Using the data below, output a verbatim copy of the lines between the one holding "とにかく楽天証券では、PM株の配当についてはほぼ毎回遅延が発生しています。" and the one holding "Dieses Gutachten (abe)", inclusive, without any pictures.

---------------

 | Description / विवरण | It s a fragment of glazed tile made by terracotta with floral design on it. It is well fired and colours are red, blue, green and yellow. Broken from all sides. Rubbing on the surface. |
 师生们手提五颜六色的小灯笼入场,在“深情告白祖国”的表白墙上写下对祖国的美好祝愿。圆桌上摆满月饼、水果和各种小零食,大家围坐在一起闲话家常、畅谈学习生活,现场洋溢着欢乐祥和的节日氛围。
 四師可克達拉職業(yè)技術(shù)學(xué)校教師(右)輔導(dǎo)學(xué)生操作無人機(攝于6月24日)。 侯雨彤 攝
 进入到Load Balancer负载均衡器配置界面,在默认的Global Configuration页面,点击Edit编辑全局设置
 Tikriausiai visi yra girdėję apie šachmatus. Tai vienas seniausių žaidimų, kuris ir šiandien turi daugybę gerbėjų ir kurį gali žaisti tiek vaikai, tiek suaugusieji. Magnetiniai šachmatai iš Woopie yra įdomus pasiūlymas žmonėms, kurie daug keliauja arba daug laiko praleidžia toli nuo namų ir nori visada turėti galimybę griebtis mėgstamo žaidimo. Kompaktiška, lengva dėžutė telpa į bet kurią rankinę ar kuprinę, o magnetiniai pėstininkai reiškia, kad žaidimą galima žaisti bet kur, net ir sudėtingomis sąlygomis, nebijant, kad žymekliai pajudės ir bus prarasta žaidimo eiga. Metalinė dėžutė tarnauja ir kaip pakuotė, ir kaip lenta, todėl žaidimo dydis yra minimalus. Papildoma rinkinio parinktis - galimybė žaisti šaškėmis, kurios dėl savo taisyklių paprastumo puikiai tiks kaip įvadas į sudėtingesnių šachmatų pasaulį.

---------------

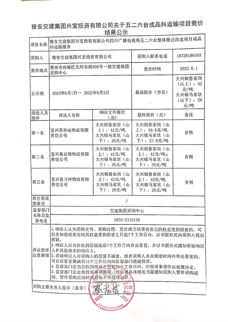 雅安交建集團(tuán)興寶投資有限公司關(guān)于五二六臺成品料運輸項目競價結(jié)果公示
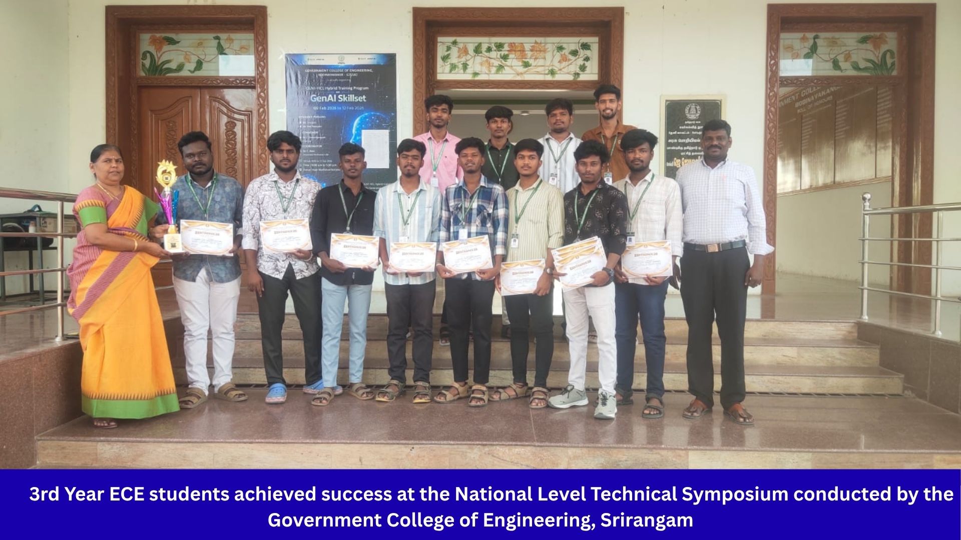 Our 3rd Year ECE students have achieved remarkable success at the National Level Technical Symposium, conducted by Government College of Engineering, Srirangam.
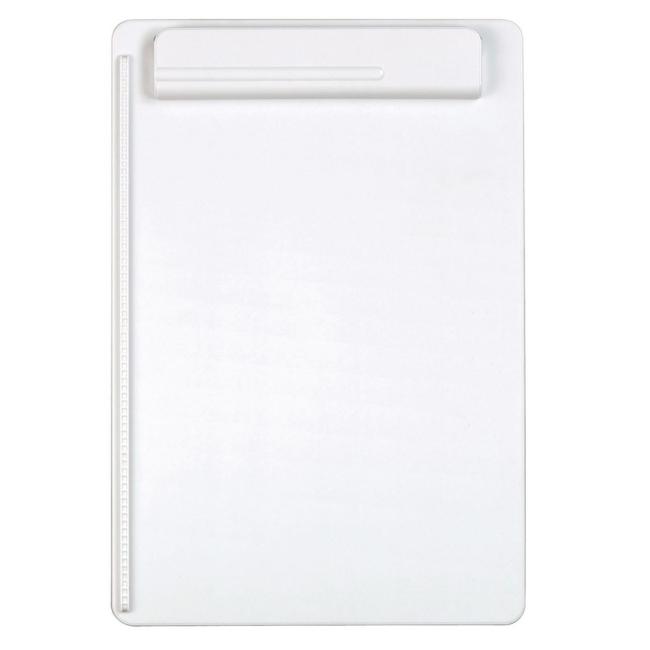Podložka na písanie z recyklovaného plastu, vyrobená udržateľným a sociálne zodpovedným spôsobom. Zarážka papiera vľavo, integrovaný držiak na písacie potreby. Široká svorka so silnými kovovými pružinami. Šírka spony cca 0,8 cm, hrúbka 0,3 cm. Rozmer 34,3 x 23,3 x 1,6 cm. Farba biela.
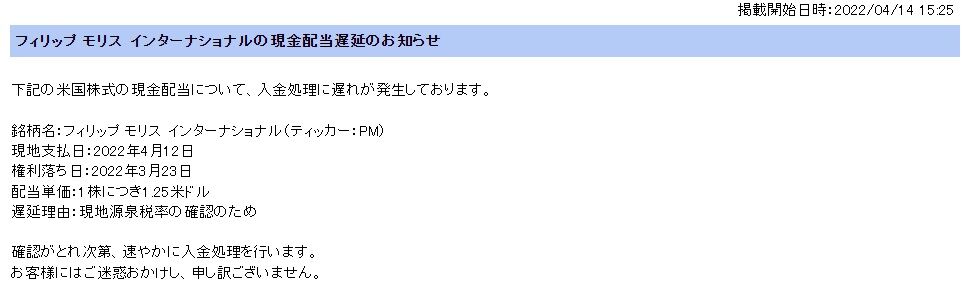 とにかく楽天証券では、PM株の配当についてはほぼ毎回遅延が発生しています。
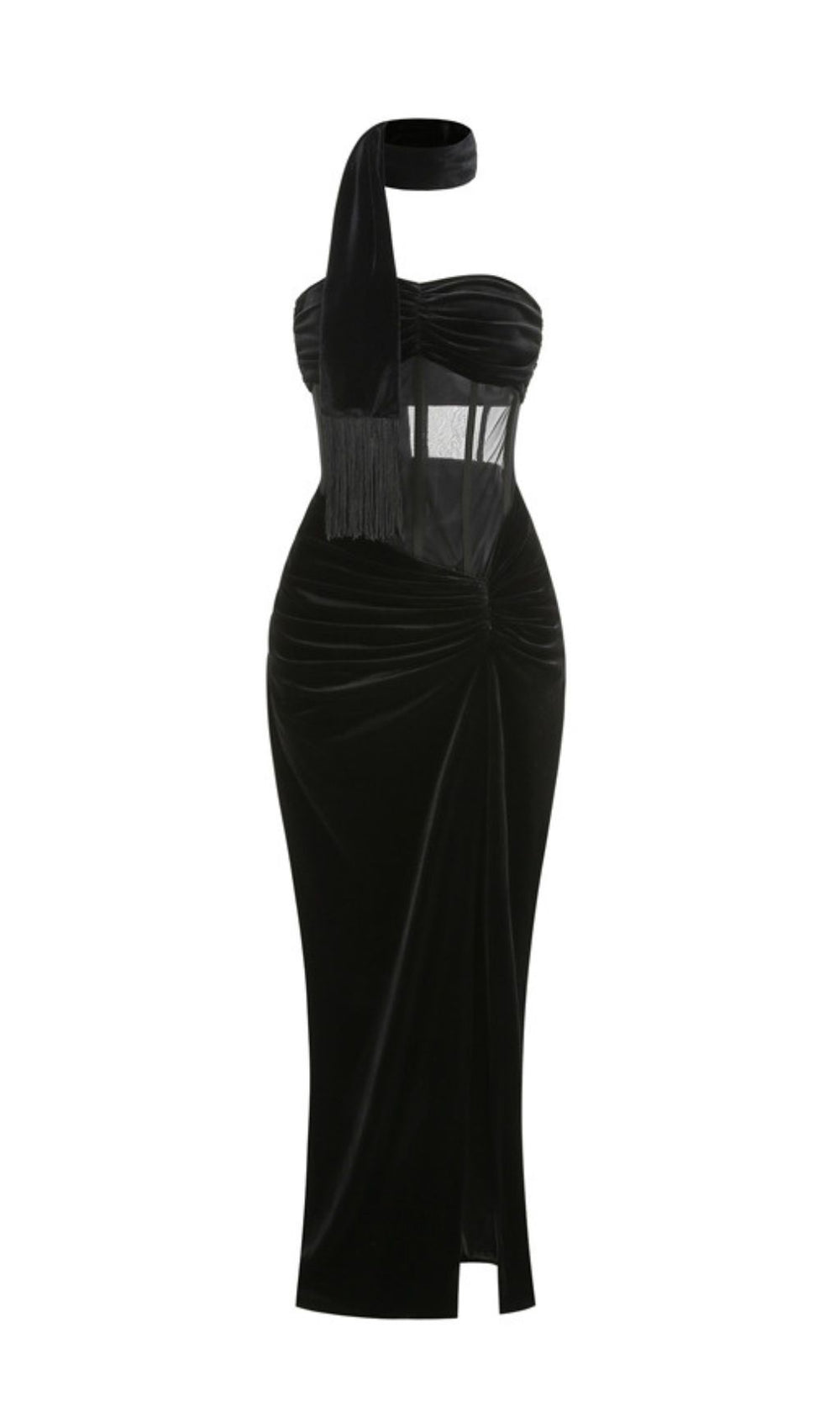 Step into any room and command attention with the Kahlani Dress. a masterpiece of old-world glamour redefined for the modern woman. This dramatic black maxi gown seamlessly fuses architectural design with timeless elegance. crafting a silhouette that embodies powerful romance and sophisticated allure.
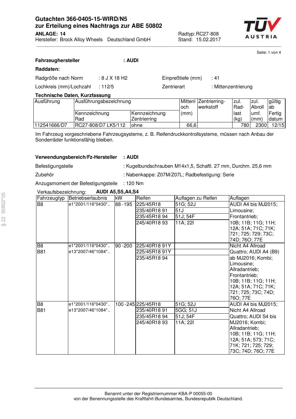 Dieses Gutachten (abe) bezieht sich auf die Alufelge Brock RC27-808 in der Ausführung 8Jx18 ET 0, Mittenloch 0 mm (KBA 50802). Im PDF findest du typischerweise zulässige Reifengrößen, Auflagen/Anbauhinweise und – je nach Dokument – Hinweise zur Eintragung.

---------------

-- ANSWER SECTION --
 とにかく楽天証券では、PM株の配当についてはほぼ毎回遅延が発生しています。
 Step into any room and command attention with the Kahlani Dress. a masterpiece of old-world glamour redefined for the modern woman. This dramatic black maxi gown seamlessly fuses architectural design with timeless elegance. crafting a silhouette that embodies powerful romance and sophisticated allure.
 Dieses Gutachten (abe) bezieht sich auf die Alufelge Brock RC27-808 in der Ausführung 8Jx18 ET 0, Mittenloch 0 mm (KBA 50802). Im PDF findest du typischerweise zulässige Reifengrößen, Auflagen/Anbauhinweise und – je nach Dokument – Hinweise zur Eintragung.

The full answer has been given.